We are proposing this approach because we believe that it focuses most directly on the primary concern raised by HIPAA: the fact that growing use of computerization in health care, including the rapid growth of electronic transfers of health information, gives rise to a substantial concern about the confidentiality of the health care information that is part of this growing electronic commerce. At the same time, could not adequately address the confidentiality concerns associated with electronic transfers of health information unless we address the resulting uses and disclosures of such information, in whatever form. Indeed, the protection offered by this standard would be devoid of meaning if all non-electronic records and transmissions were excluded. In that event, access to “protected” health information would become merely a matter of obtaining the information in a paper or oral form. Such a narrow reading of the statute would lead to a system in which individually identifiable health information transmitted as part of a claim would be protected only until the information was printed or read aloud, at which point protection would disappear.

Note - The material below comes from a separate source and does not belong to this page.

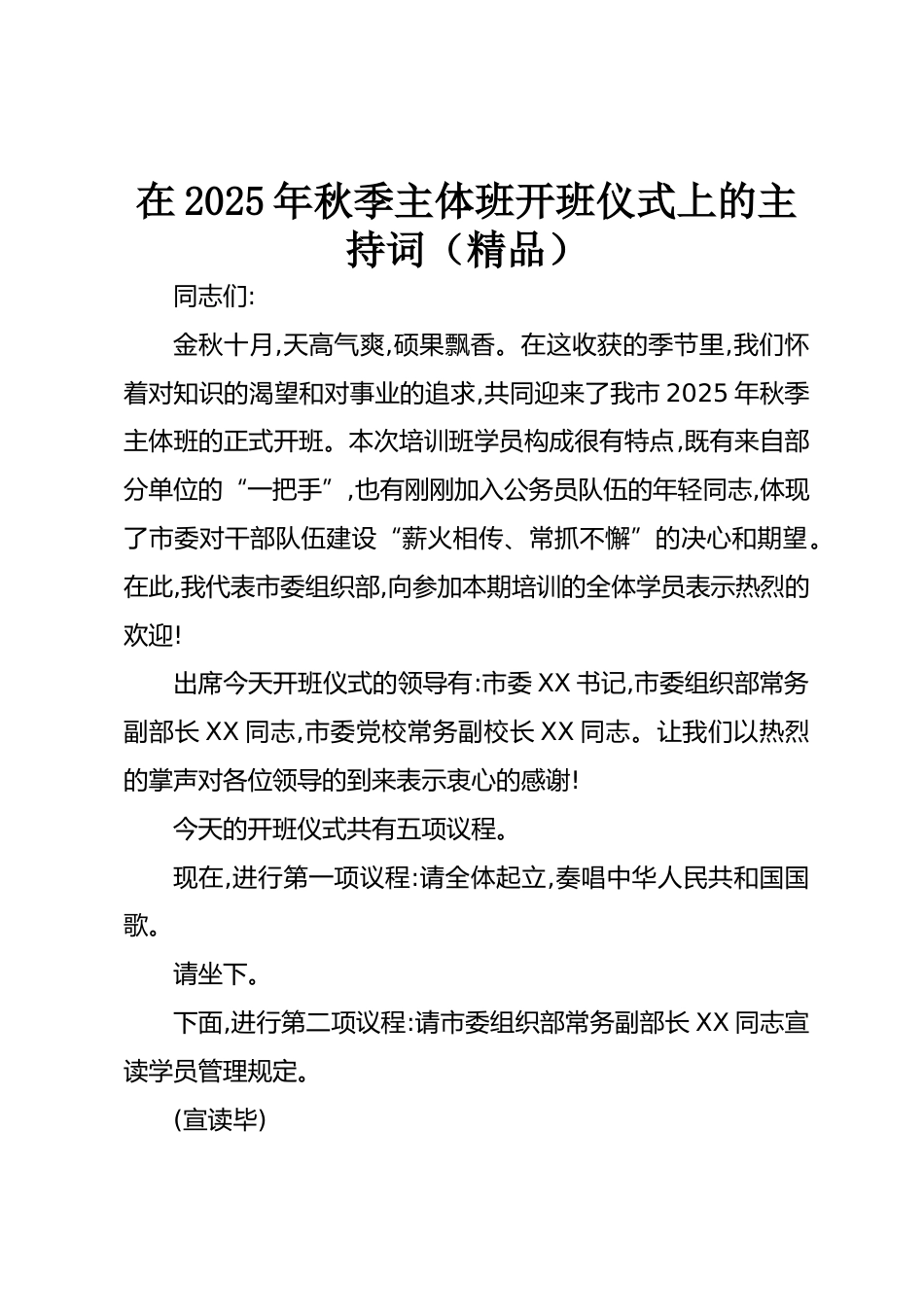 在2025年秋季主體班開班儀式上的主持詞(精品)

Previously protected information could be freely printed and redistributed, regardless of limits on further electronic redistribution. The statutory language does not compel such an anomalous result.

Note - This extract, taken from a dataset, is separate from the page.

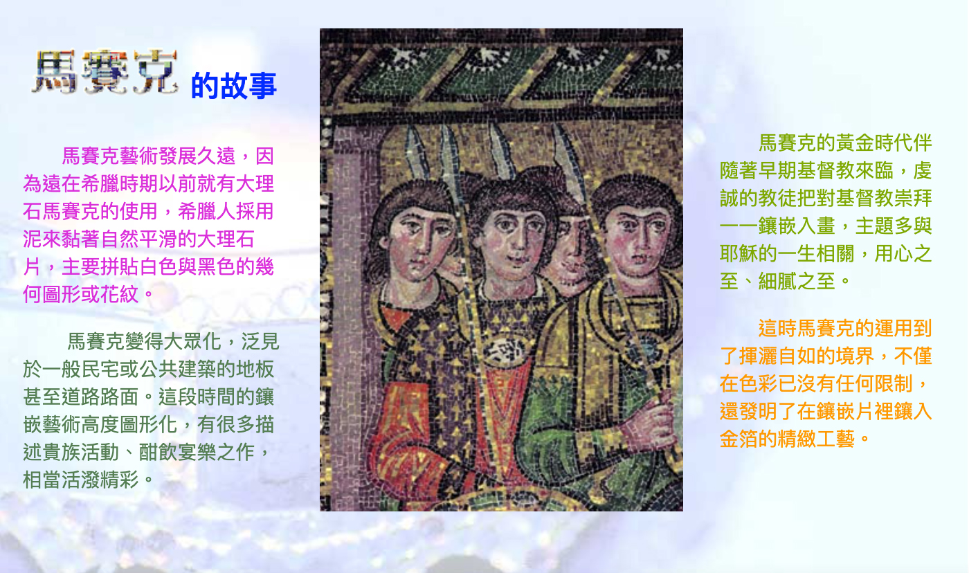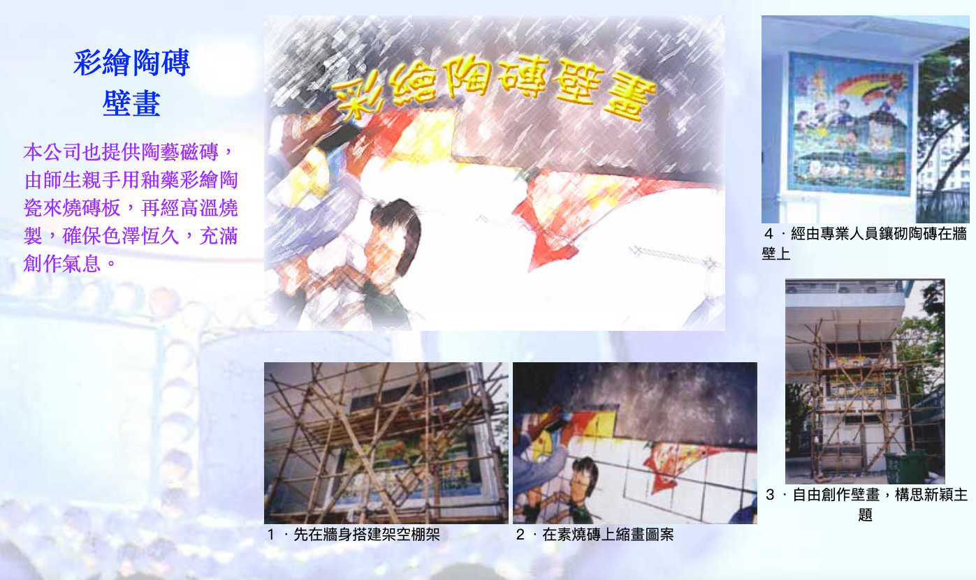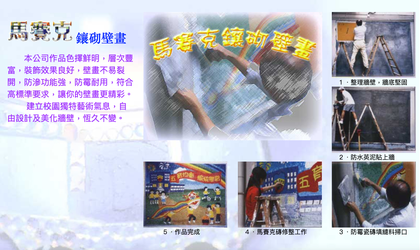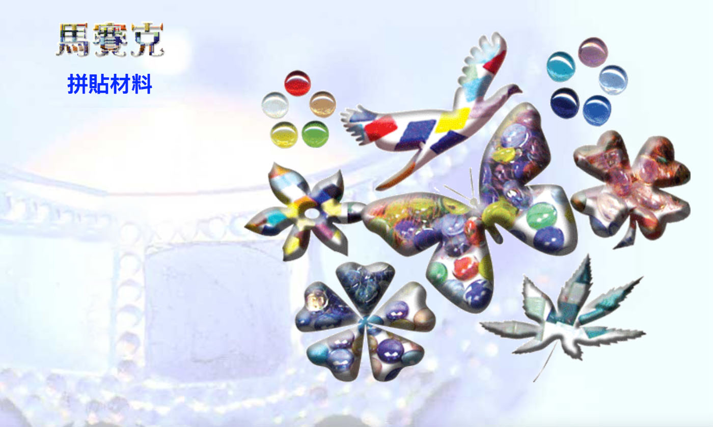 ( 二 ) 運用電腦設計,圖案更顯精彩,材料新穎豐富,包括玻璃石、幻彩石、纖維馬賽克、釉色石、雲母玻璃片等,多達數佰種色系,大小尺寸齊備。

In developing our proposal, we considered other approaches for determining the information that would be subject to the privacy standards. We considered but rejected limiting the scope of the proposal to information in electronic form. For the reasons discussed above, such a narrow interpretation would render the standards nearly meaningless. We also considered applying the privacy standards to all individually identifiable health information in any form maintained or transmitted by a covered entity. There are clear advantages to this approach, including permitting covered entities to treat all individually identifiable health information under the same standards. We rejected that approach in favor of our proposed approach which we believe is more focused at the public concerns over health information confidentiality in an electronic communications age. We also were concerned about imposing additional burden with respect to health information that was less likely to present privacy concerns: paper records that are never reduced to electronic form are less likely to become disseminated broadly throughout the health care system. We invite comment on the approach that we are proposing and on whether alternate approaches to determining the health information that would be subject to this regulation would be more appropriate.

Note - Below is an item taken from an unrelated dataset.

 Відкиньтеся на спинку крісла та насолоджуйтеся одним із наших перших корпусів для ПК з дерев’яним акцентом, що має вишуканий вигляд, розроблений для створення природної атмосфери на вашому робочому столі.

We also considered making use of other statutory authorities under which we impose general operating or management conditions for programs (e.g., Medicare, grant programs) to enhance these proposed privacy protections. Doing so could enable us to apply these privacy standards to a wider range of entities than are currently affected, such as health care providers who do not transmit standard transactions electronically. We use many other authorities now to impose confidentiality and privacy requirements, although the current rules lack consistency. It is not clear whether using these other authorities would create more uniform protections or expanded enforcement options. Therefore we request comment on the concept of drawing on other authorities to amplify the protections of these privacy standards.